BRIEF DESCRIPTION OF THE DRAWINGS

FIG. 1 is a flow chart of an instruction execution method disclosed in the embodiments of the present application;

FIG. 2 is a flow chart of a specific instruction execution method disclosed in the embodiments of the present application;

FIG. 3 is a flow chart of a specific instruction execution method disclosed in the embodiments of the present application;

FIG. 4 is a schematic diagram of convolutional network computation disclosed in a scenario embodiment of the present application;

FIG. 5 is a structural schematic diagram of an instruction execution apparatus disclosed in the embodiments of the present application.

DETAILED DESCRIPTION

A clear and complete description of the technical solutions in the embodiments of the present application will be given in combination with the accompanying drawings in the embodiments of the present application. Obviously, the described embodiments are merely a part but not all of the embodiments of the present application. Based on the embodiments in the present application, all the other embodiments obtained by those skilled in the art without any creative effort shall all fall within the protection scope of the present application.

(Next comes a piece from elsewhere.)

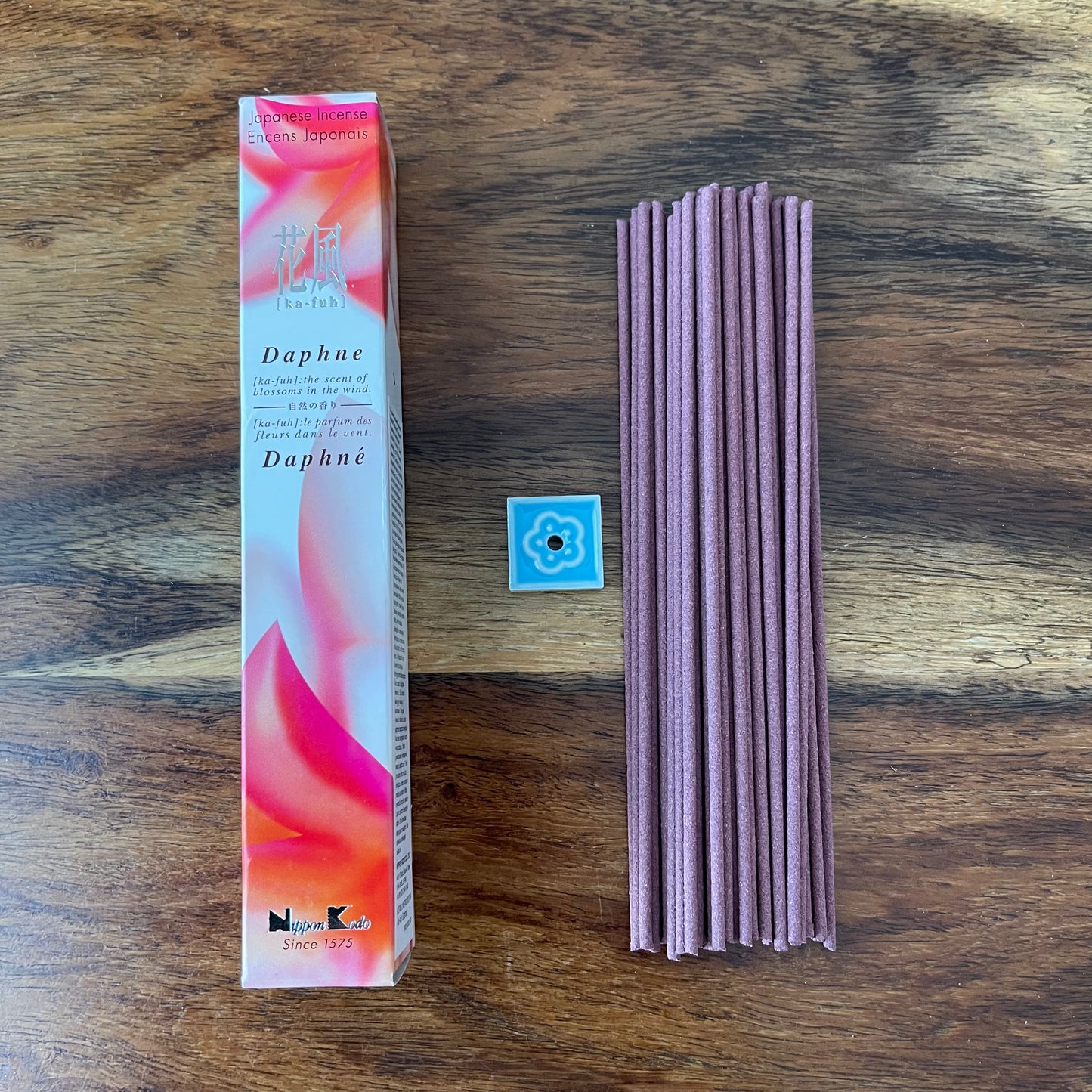 Ka-Fuh Daphne incense is a floral scented incense produced by Nippon Kodo. The Ka-Fuh brand takes inspiration from the beautiful aroma that flowers give off in the breeze after a light rain shower and the name literally translates to, “the scent of blossoms in the wind.”

In the current batch processing process based on convolutional neural networks, a user software is required to provide the computing device with batch data to be processed and instructions for batch processing of the batch data, while the batch processing of each piece of data in the batch data often further contains the sequential execution of multiple operations, and the execution of each operation requires the computing device to execute the corresponding instructions, and the data in the batch data may be subject to further multi-branch operations on the execution results of a certain operation process and aggregation of multiple execution results during the batch processing process. Therefore, a dependency often exists between the instructions for batch processing of batch data, and ordered execution of the instructions is difficult to be ensured currently, and further the correctness of instruction execution results is difficult to be ensured.

To this end, the core of the present application is to provide an instruction execution method, to relatively ensure ordered execution of the instructions in the batch processing process, and further ensure correctness of instruction execution results.

In order that those skilled in the art may better understand the solutions of the present application, the present application will be further described in detail below in combination with accompanying drawings and specific embodiments.

Please refer to FIG. 1, embodiments of the present application disclose an instruction execution method, including:

Step S10: obtaining an instruction stream, and obtaining an execution relationship between instructions, the instruction stream including an instruction indicating that contents of a first flag bit and a second flag bit are empty.

The obtained instruction stream in this step is a sequence consisting of instructions, the instruction stream may be sent from a host to a master controller, and the instruction stream includes a plurality of instructions for performing a particular type of operation, wherein the instructions for the particular type of operation include, but are not limited to, instructions related to performing a convolutional neural network computation, such as convolutional instructions, activation instructions, etc.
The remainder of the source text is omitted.